-
-
Notifications
You must be signed in to change notification settings - Fork 3.7k
New issue
Have a question about this project? Sign up for a free GitHub account to open an issue and contact its maintainers and the community.
By clicking “Sign up for GitHub”, you agree to our terms of service and privacy statement. We’ll occasionally send you account related emails.
Already on GitHub? Sign in to your account
[4.0] Using language specific tokeniser and stemmer for com_finder #20391
Conversation
Should we rename methods named "tokenize" to "tokenise" while we are at it? |
Where is that en-GB example? What will happen when a language has no language.finder.php What happens when a site has a mix of languages in its contents? or even is pure multilingual? |
The en-GB example is in /language/en-GB/en-GB.finder.php and translation teams would have to add their version of that file in that same place in their language folder in their language. When a language does not have such a file, it will fall back on the latin based tokenisation that we are using right now. So tokenisation only has to be overriden for languages that will not work with the white-space-based tokenisation. Stemming is language specific and if not implemented, will only return the original term instead. So translation teams don't HAVE to provide such a file, but their language would benefit from this. If a site has several content items with different languages, it will choose the right tokeniser and stemmer based on the language of that content item. If people mix languages in a content item that has been marked with a specific language, it will use that tokeniser (which normally shouldn't be an issue) and that stemmer. (What happens then would be dependent on the stemmer implementation. Normally that isn't a problem. In worst case you don't get stemmed words and thus can only search for the specific words.) If a content item is marked as '*' (=All), the white-space-tokenisation is used and stemming is disabled. |
I hope you are also going to propose the stemmers as I doubt any TT would be able to code this. I include myself in that group. |
Here is a good implementation of stemmers for several languages: https://github.com/wamania/php-stemmer |
if i read the changes correctly then this PR removes existing stemmers eg for french |
I see two issues: The idea of this PR is certainly good and valid, but the proposal in its current state isn't going to work out well in practice simply due to translaters not being coders. |
@brianteeman Yes, this removes the old stemmers, since the translation packages need to provide those.
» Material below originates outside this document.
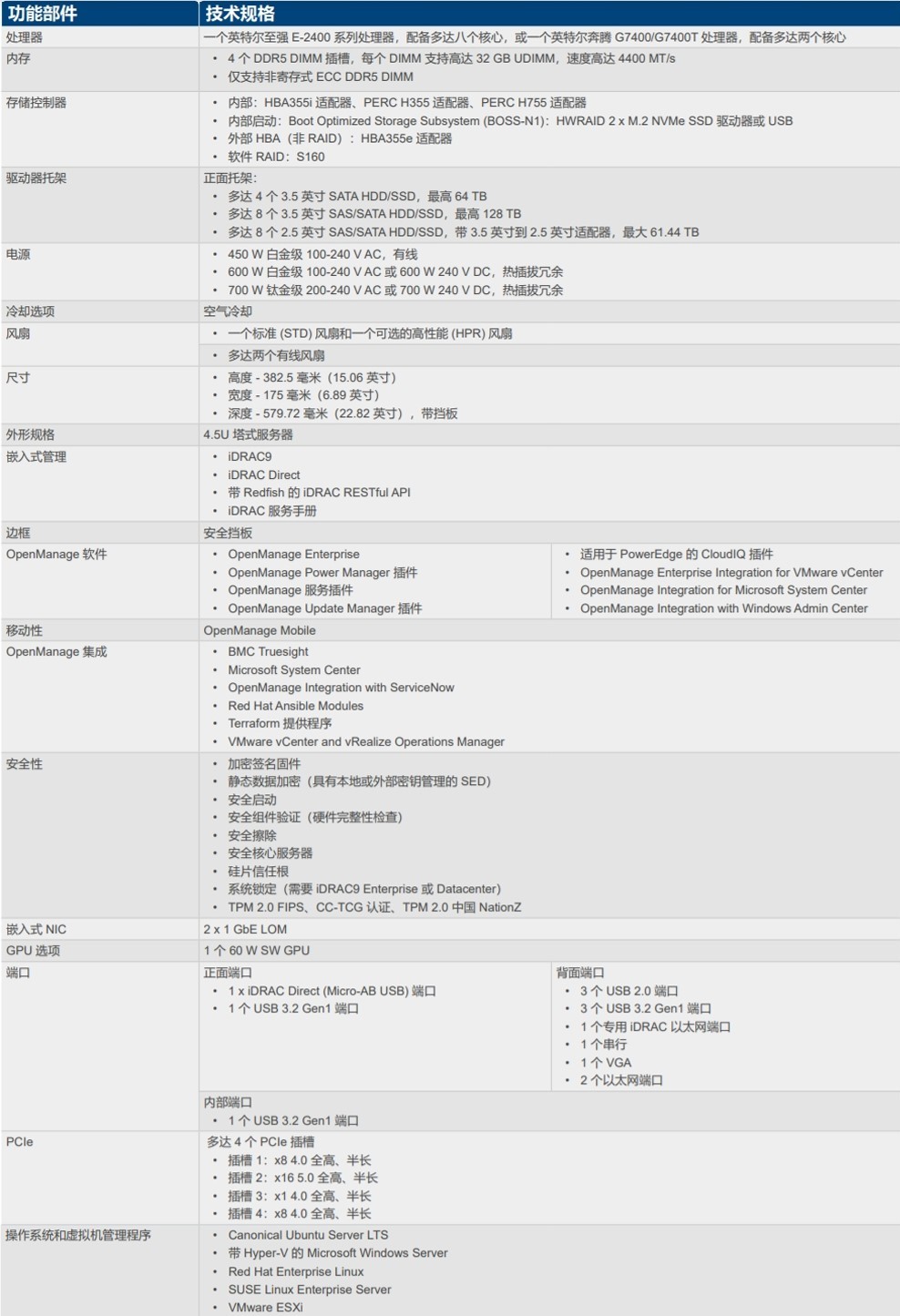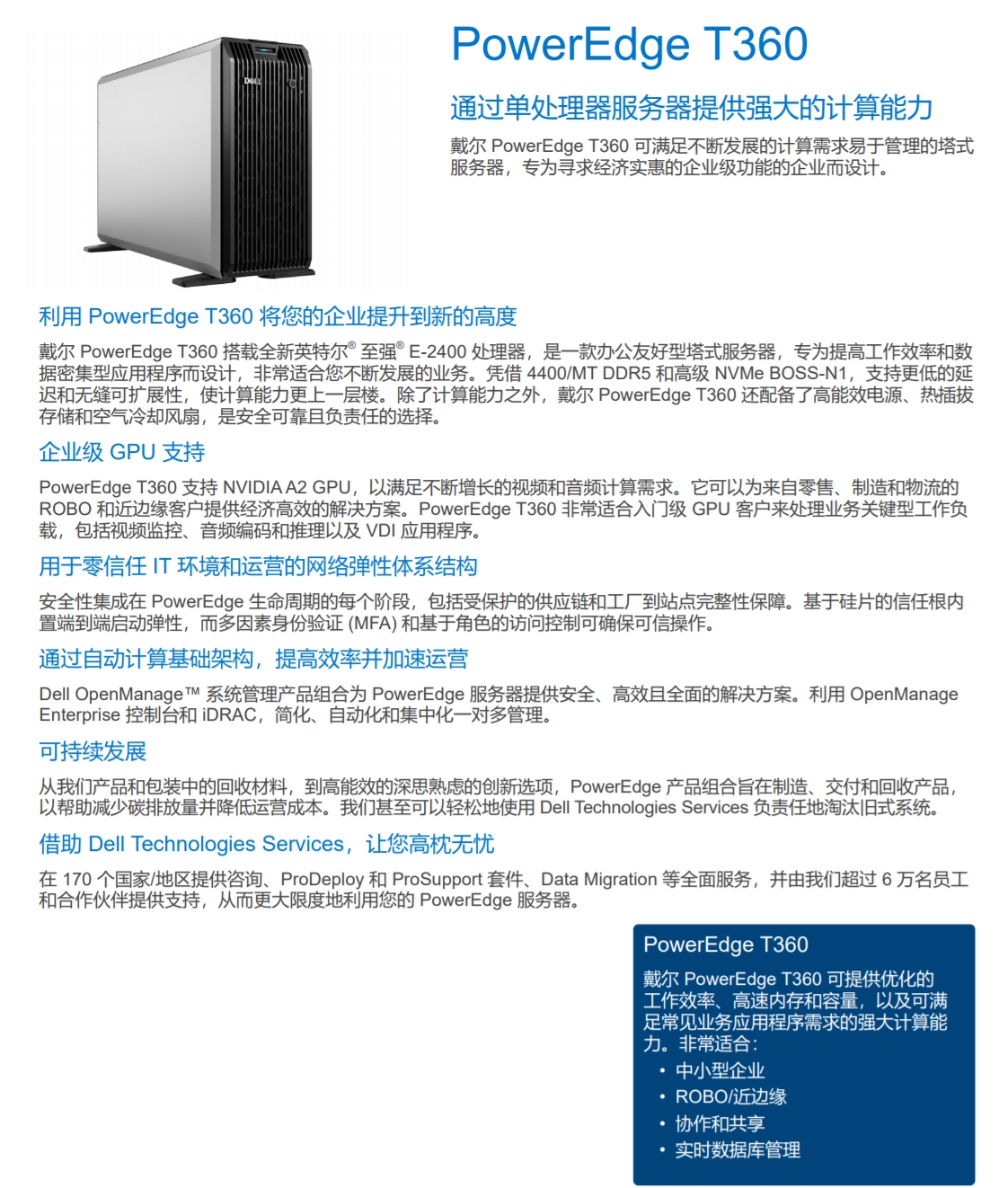 4.5U 單路 PowerEdge T360 的外形規(guī)格經(jīng)過專門設(shè)計(jì),非常適合需要多功能性、經(jīng)濟(jì)性和處理能力的客戶。

Up to this PR, we effectively only supported english and french, with this PR these at least can be extended for every language out there. @Bakual The stemmer (and in parts the tokeniser) are depending on the respective language and unless we want to go the same way like we did in the past and only support X languages, this has to be made modular and be installed by default when users install a language. Regarding the coding of a stemmer: Maybe translators will have issues with coding that themselfs, but in that case I would expect us to support them in that and maybe provide those files for them. As I said, there are stemmers for most languages out there. I'd be happy to provide translators with the necessary code for at least all the stemmers that the project that I linked above provides. That would bring us from 2 to 12 supported languages. Also keep in mind that stemming is not a requirement, but an optional feature. Stemmer and tokeniser for a specific component don't have any business in a global localisation file. (Yes, we should remove the methods that are com_search specific from those localise.php files.) If you have a better solution where to put the code, then I'm all ears, but it has to be part of the translation/localisation package, otherwise the localisation simply wouldn't be complete. (And again, this file is not mandatory, but an optional feature.) |
If we (read "You") have to write them anyway, we can as well just put them into core. Same result in the end.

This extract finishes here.